Мои земляки-соловчане сообщили, что разгрузка барж закончилась. Вычегда стала. Последним пригнали этап стариков чеченцев. Многие из них пришли по снегу босые или в калошах на босую ногу. Много обмороженных. Перпункт переполнен. Готовится большой этап на Ухту. Медкомиссия отбирает в первую очередь трудоспособных, а квалификационная комиссия, приехавшая из Ухты, отбирает специалистов. Через несколько дней мои дорогие соловчане в последний раз перед этапом подошли к окну, уже занесенному снегом, и попрощались со мной. Мое одиночество скрашивали только три добрые женщины, выхаживающие меня как своего.

А люди умирали. В лазарете на освободившиеся места сразу же поступали пеллагрики, дистрофики, обмороженные, с воспалением легких и т. д. Михася рассказала о процедуре выноса покойника из зоны. Она видела, как голого покойника на носилках принесли на проходную, на шее и на ноге покойника висели бирки. Стрелок на проходной сверил бирки с сопроводитель-


 

 

- 228 -

ной бумагой, потом взял большой молоток на длинной рукоятке и, размахнувшись, трахнул покойника по лбу. «Я аж затряслась»,— говорила Михася. А вахтер говорит: «Это ему последняя печать на лоб, чтоб живого за зону не вынесли. Всем вам поставим, кому раньше, кому позже».

Потом мне рассказали еще об одной особенности похорон. Урки из похоронной бригады ленятся копать стандартную могилу в мерзлом грунте. Они выкапывают яму мельче и короче, а покойнику обламывают ноги, чтобы поместить в яму. Я уже перестал реагировать на такие «детали». Покойнику все едино, хоть жерновами его размели, а вот живых, умирающих справа и слева, жалко, особенно тех, кто и перед смертью сохранил облик человеческий.

Размышляя о своем положении и ходе событий, я нередко вспоминал о гороскопе, о динамике предсказанных подъемов и спадов.
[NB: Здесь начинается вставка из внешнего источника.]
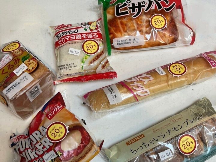 その後、折り返して自宅に戻る途中にある食品や日用品を売っているドラックストアに入ってみると、なんとワゴンにどっさりと割引シールの貼られているパンが置かれていました!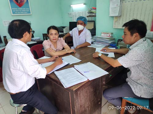 Bs Lê Đình Nhân (bên trái) Sở Y tế đã làm việc với lãnh đạo UBND xã, TYT xã Quảng Thọ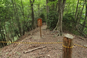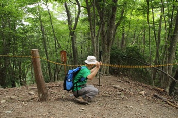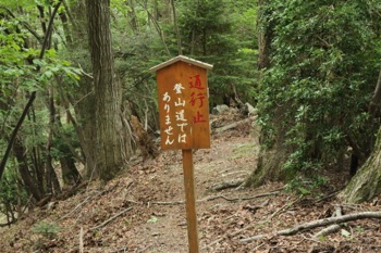 ここはトラロープが張ってあり、『通行止 登山道ではありません』の立て札が立っています。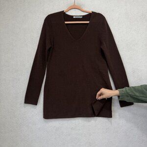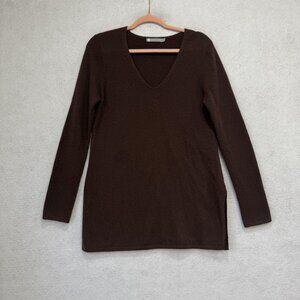 In Cashmere Sweater Womens Medium Brown V Neck Tunic 100% Cashmere Long Sleeve

Как верно оправдался первый неблагоприятный период: смежные 38—39-й годы с пиком неприятностей в середине периода. 1938 год начался на Секирной горе в ожидании расстрела, почти весь год я провел в тюрьмах и этапах, получил новый срок, замерзал в карцере, а теперь лежу с пеллагрой среди умирающих. Если выживу, дальше должно быть улучшение и длительный период относительного благополучия.

Состояние мое как будто стало улучшаться, подходил день рождения, но тут произошел скандал. Один из пеллагриков позавидовал, что мне дают молоко и клюкву, и во время врачебного обхода стал кричать о безобразиях, о блате, о неправильном распределении продуктов, о выделении из общей массы привилегированных и т. п. Он поднялся на топчане, маленький тощий старик, и, брызгая слюной, кричал:

— Если у вас есть молоко, то надо давать его мне, а не этому мальчишке. Я комиссар Футликов, я

 

 

- 229 -

член реввоенсовета армии, я гнал в бой полки и дивизии. У меня орден Красного Знамени, меня Ворошилов знает. Я требую...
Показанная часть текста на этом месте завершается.